**Aim of the task:** Exactly as written, set down the lines from the top of the entries through the line bearing "Although they have", with every picture left out.

Records supplied Start Marker

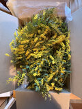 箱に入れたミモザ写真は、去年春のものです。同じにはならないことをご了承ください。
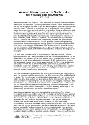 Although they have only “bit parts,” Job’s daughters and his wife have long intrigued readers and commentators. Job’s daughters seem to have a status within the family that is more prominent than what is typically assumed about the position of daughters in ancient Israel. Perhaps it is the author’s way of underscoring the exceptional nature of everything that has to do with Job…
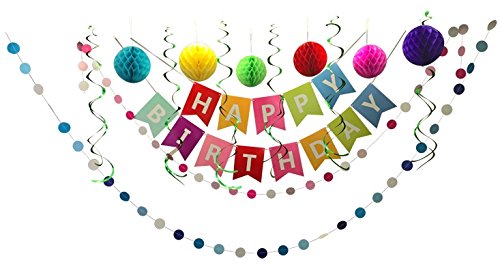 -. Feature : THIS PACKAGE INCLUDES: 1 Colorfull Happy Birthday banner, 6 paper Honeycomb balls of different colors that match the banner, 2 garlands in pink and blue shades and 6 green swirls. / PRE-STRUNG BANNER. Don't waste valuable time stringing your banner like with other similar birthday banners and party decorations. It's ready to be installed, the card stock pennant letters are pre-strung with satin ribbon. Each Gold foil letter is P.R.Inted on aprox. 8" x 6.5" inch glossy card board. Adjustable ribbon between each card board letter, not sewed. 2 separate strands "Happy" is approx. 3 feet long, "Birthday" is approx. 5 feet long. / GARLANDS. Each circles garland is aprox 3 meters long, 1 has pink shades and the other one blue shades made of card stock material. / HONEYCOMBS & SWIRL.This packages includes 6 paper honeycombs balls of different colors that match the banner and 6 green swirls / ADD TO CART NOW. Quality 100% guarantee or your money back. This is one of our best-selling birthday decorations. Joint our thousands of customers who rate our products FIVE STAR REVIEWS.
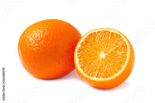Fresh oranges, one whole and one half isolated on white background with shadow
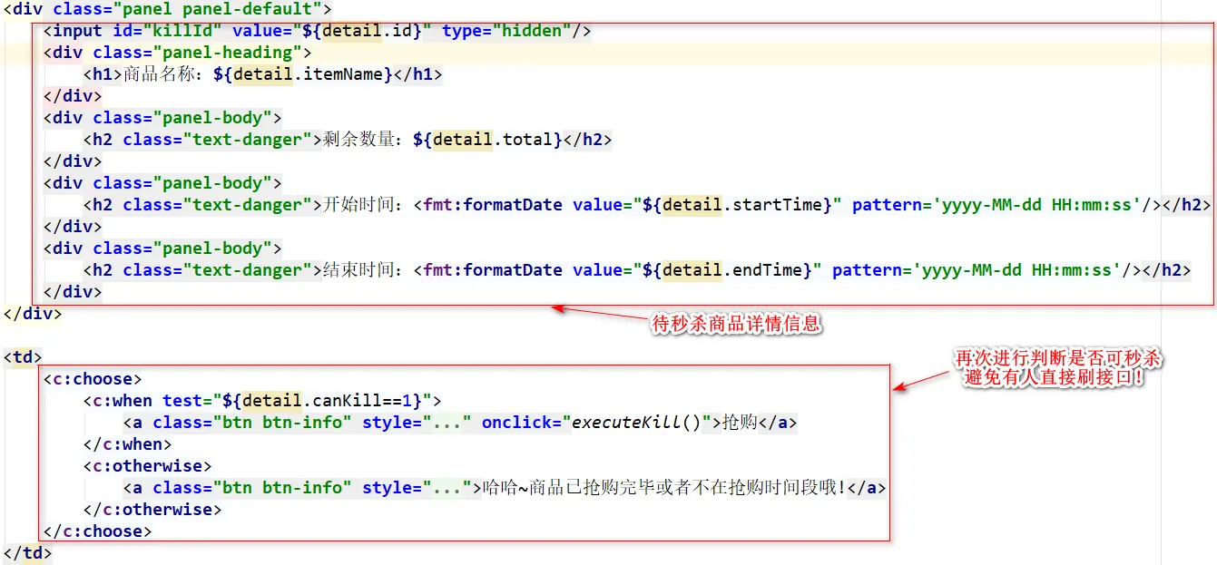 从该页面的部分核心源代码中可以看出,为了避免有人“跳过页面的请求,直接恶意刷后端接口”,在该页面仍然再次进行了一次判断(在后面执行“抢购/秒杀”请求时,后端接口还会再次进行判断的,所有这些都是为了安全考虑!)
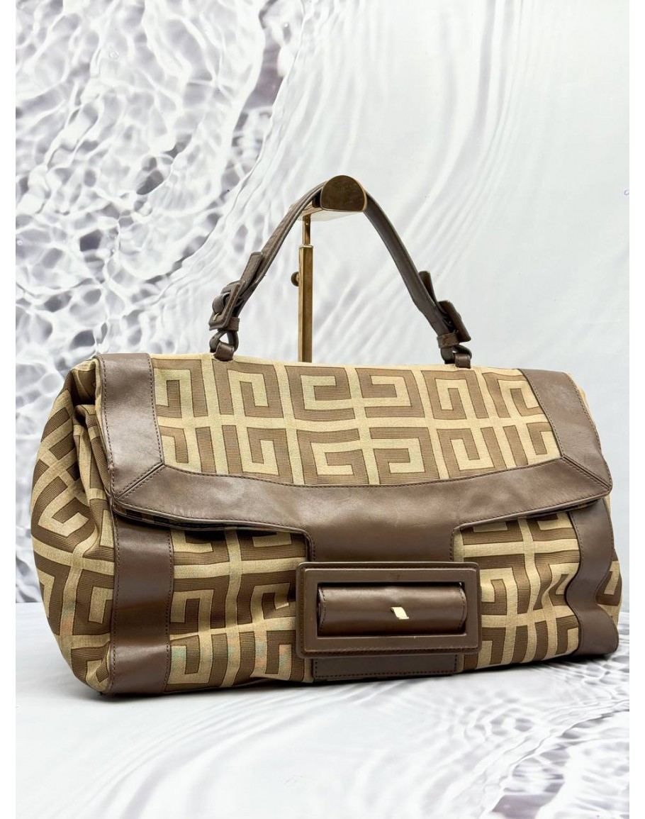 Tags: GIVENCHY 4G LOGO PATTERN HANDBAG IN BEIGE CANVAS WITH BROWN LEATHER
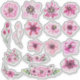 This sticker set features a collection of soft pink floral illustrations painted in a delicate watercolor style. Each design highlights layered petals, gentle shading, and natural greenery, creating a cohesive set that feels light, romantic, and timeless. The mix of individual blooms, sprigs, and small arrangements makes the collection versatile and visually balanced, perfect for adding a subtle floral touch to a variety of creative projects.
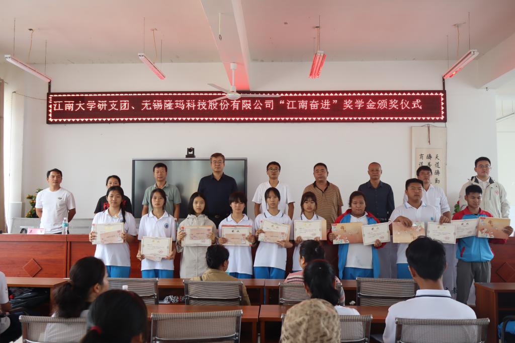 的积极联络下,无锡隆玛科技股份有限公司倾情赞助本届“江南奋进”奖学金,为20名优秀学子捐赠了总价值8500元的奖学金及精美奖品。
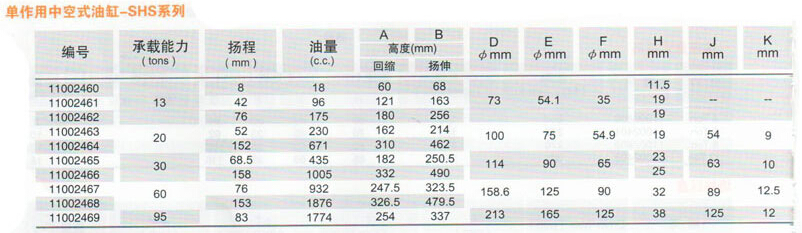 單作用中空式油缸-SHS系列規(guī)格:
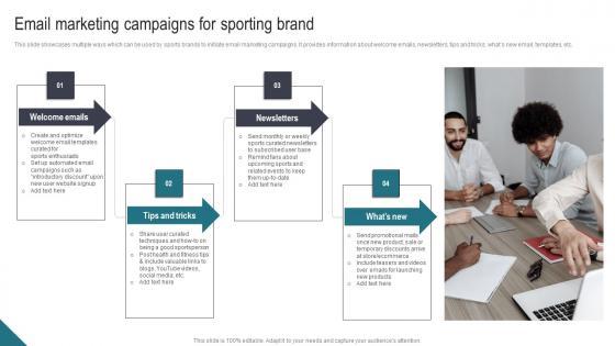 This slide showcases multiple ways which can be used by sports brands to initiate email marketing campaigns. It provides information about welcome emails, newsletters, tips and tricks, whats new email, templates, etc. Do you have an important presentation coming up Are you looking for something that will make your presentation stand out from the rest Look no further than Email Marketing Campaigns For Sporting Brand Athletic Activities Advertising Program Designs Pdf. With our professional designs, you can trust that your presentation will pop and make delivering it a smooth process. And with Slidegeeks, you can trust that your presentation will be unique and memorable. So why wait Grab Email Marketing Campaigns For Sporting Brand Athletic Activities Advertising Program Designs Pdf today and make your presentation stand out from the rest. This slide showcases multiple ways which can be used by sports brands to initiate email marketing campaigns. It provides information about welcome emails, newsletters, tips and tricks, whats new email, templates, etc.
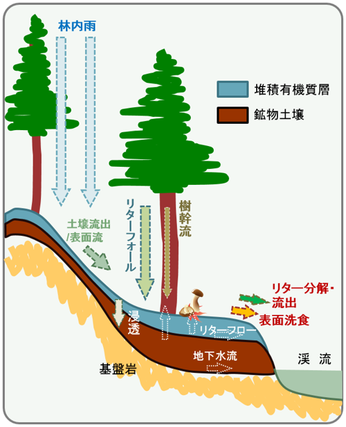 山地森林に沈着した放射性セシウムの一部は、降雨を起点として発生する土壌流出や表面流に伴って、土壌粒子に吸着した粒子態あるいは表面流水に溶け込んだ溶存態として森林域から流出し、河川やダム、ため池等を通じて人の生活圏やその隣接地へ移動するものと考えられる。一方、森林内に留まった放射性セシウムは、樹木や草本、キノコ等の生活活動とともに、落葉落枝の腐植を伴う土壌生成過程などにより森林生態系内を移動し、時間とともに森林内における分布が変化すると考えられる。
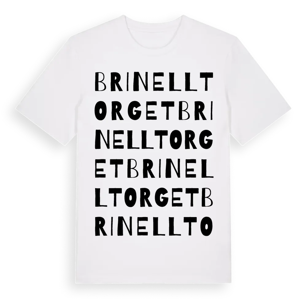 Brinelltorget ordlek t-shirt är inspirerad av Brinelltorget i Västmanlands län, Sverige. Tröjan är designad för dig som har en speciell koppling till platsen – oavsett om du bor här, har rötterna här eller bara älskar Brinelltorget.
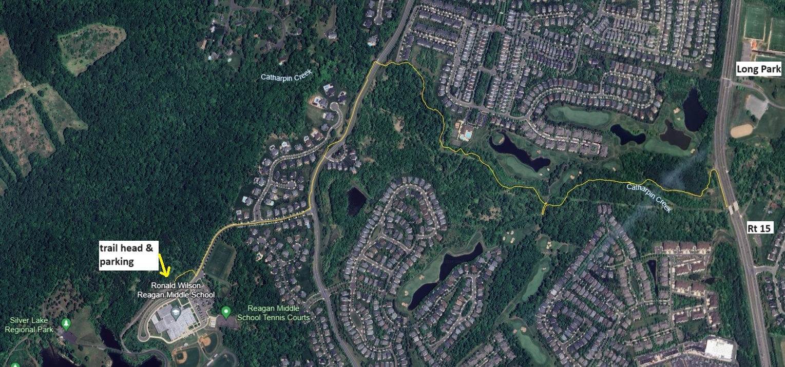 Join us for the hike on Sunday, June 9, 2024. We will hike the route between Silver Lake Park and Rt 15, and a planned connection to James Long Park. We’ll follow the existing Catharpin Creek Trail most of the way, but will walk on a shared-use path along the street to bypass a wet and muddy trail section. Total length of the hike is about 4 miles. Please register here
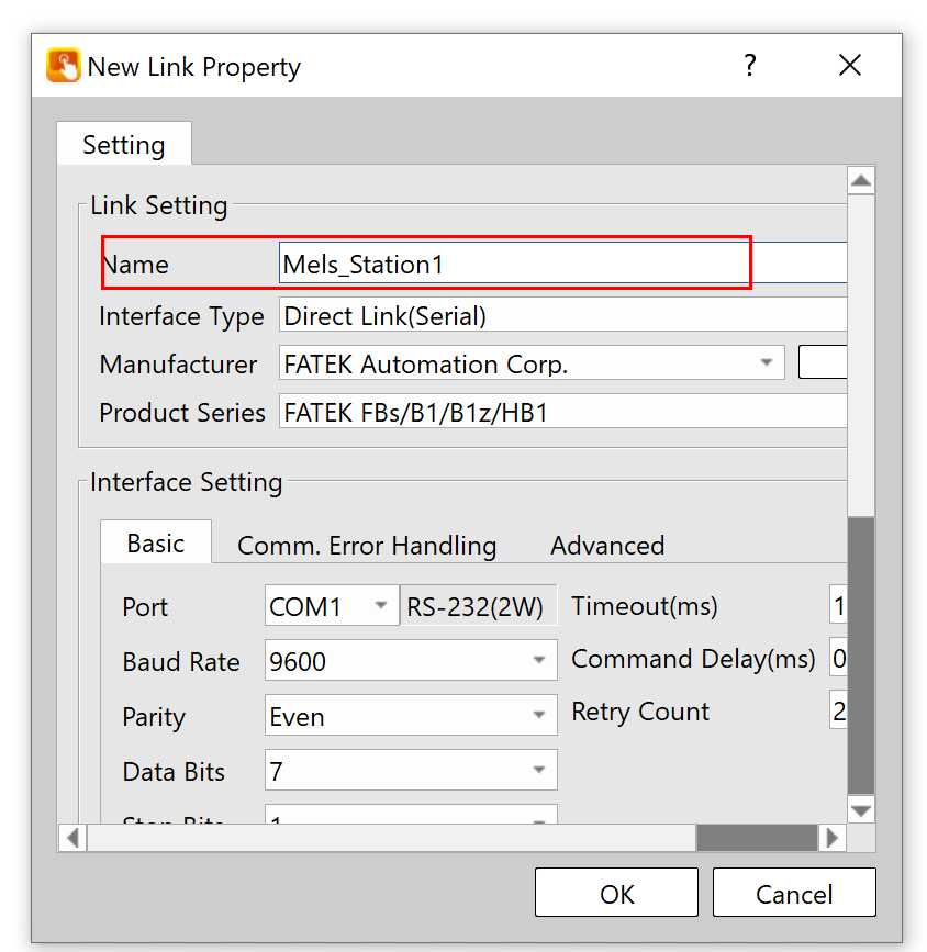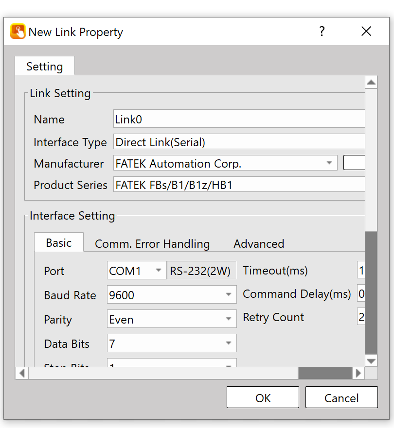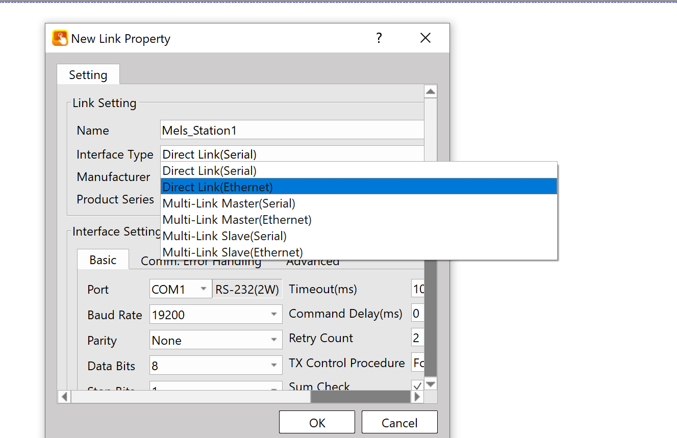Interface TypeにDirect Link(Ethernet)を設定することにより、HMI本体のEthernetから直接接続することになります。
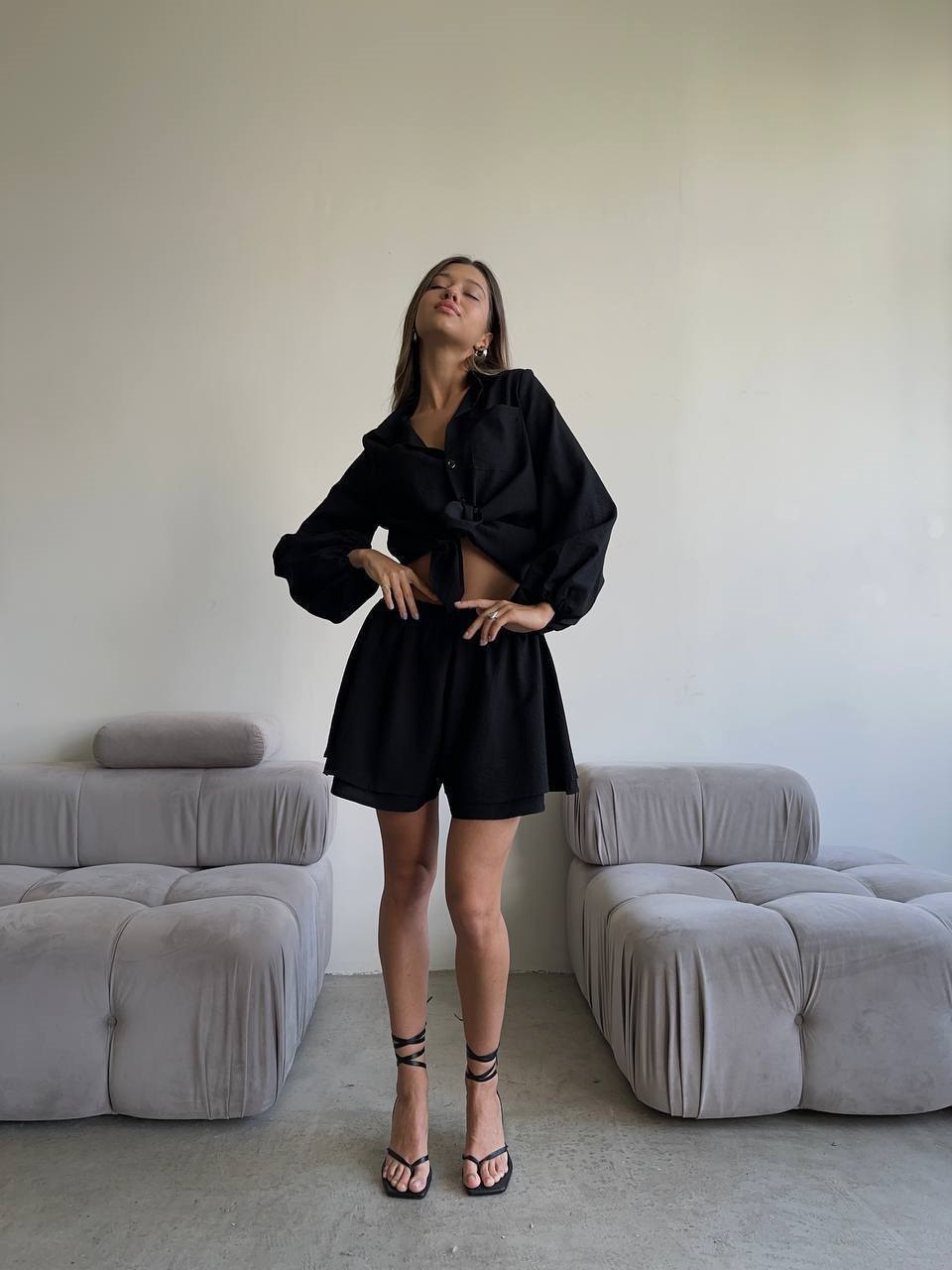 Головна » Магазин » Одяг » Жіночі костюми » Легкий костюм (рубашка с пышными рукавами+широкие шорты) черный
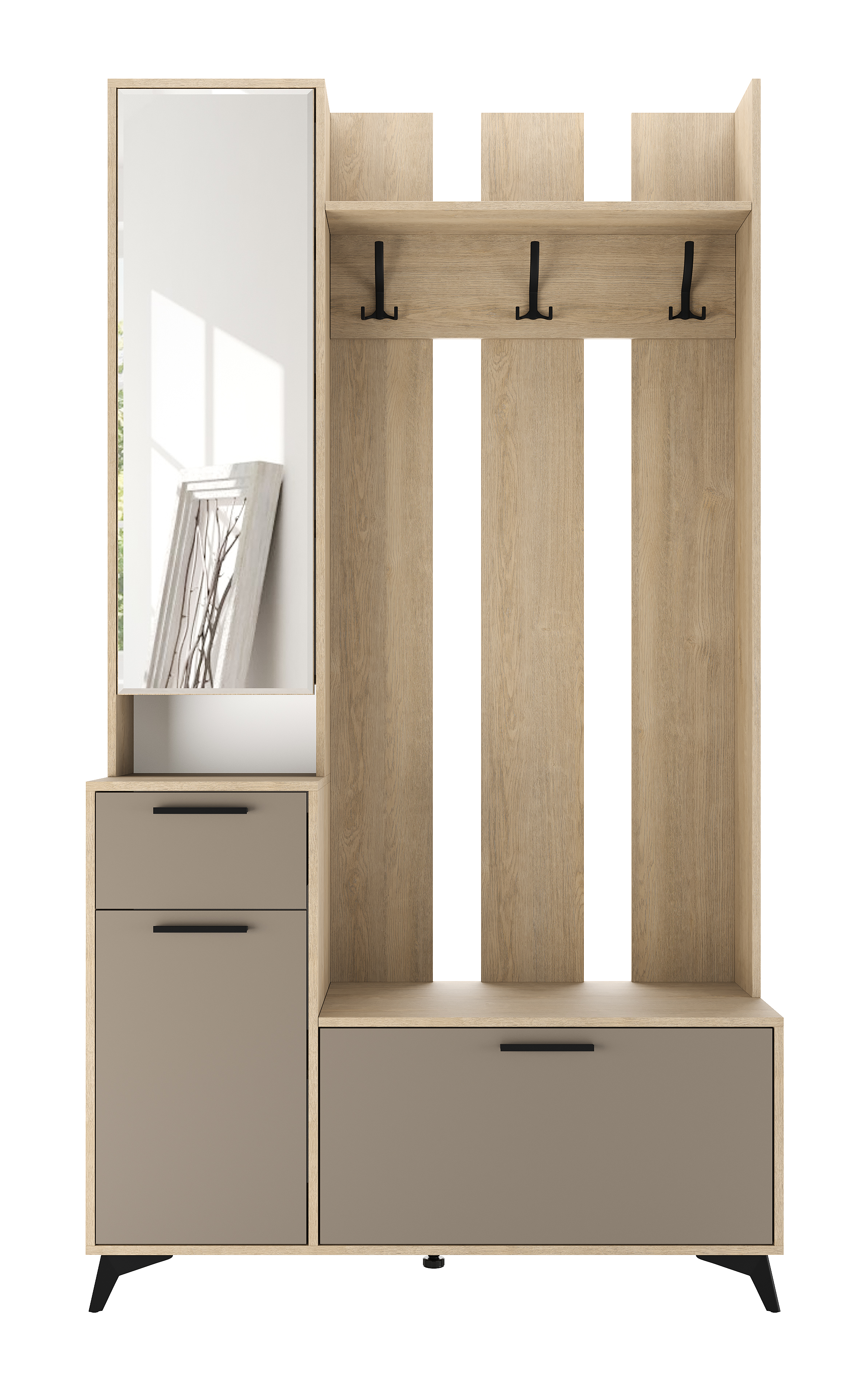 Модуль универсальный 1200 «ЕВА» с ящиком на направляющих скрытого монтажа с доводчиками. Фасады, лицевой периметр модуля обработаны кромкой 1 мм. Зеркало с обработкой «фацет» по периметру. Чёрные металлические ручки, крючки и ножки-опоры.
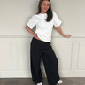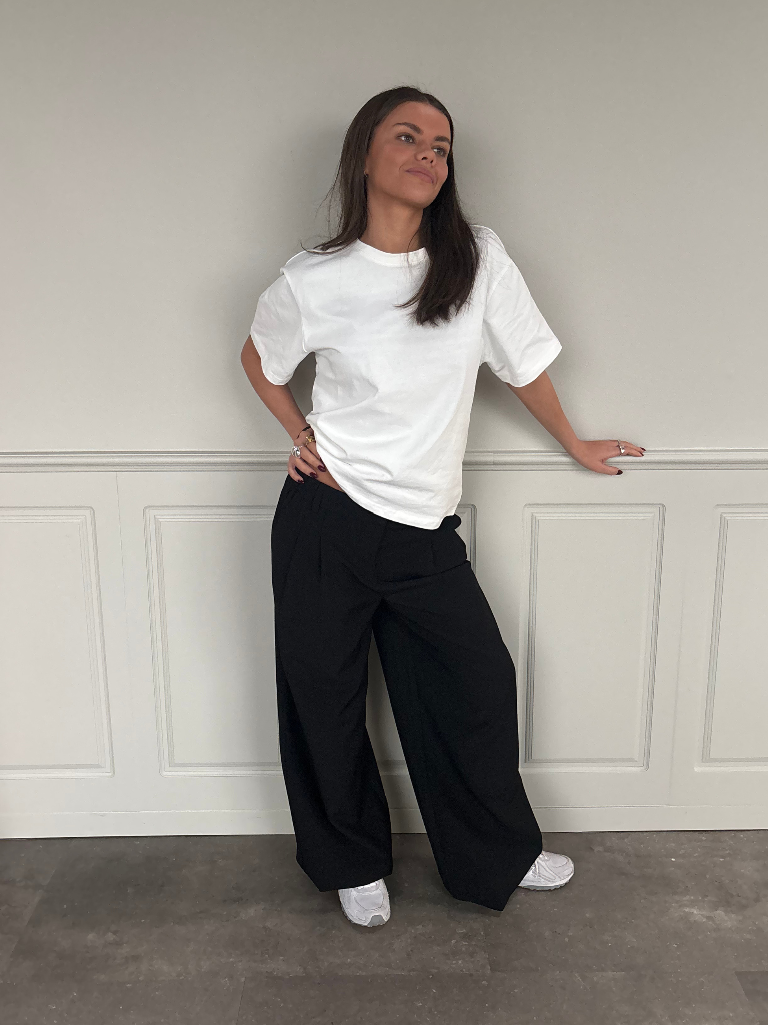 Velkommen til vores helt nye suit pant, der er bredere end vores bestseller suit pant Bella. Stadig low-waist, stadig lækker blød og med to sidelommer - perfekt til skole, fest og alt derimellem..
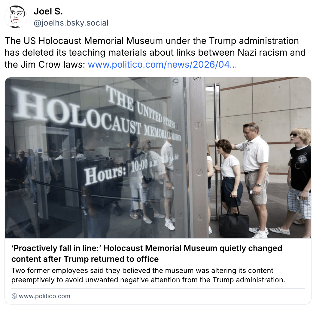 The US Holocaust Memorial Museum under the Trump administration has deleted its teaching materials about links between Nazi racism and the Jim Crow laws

Records supplied End Marker

**Result:**
 箱に入れたミモザ写真は、去年春のものです。同じにはならないことをご了承ください。
 Although they have only “bit parts,” Job’s daughters and his wife have long intrigued readers and commentators. Job’s daughters seem to have a status within the family that is more prominent than what is typically assumed about the position of daughters in ancient Israel. Perhaps it is the author’s way of underscoring the exceptional nature of everything that has to do with Job…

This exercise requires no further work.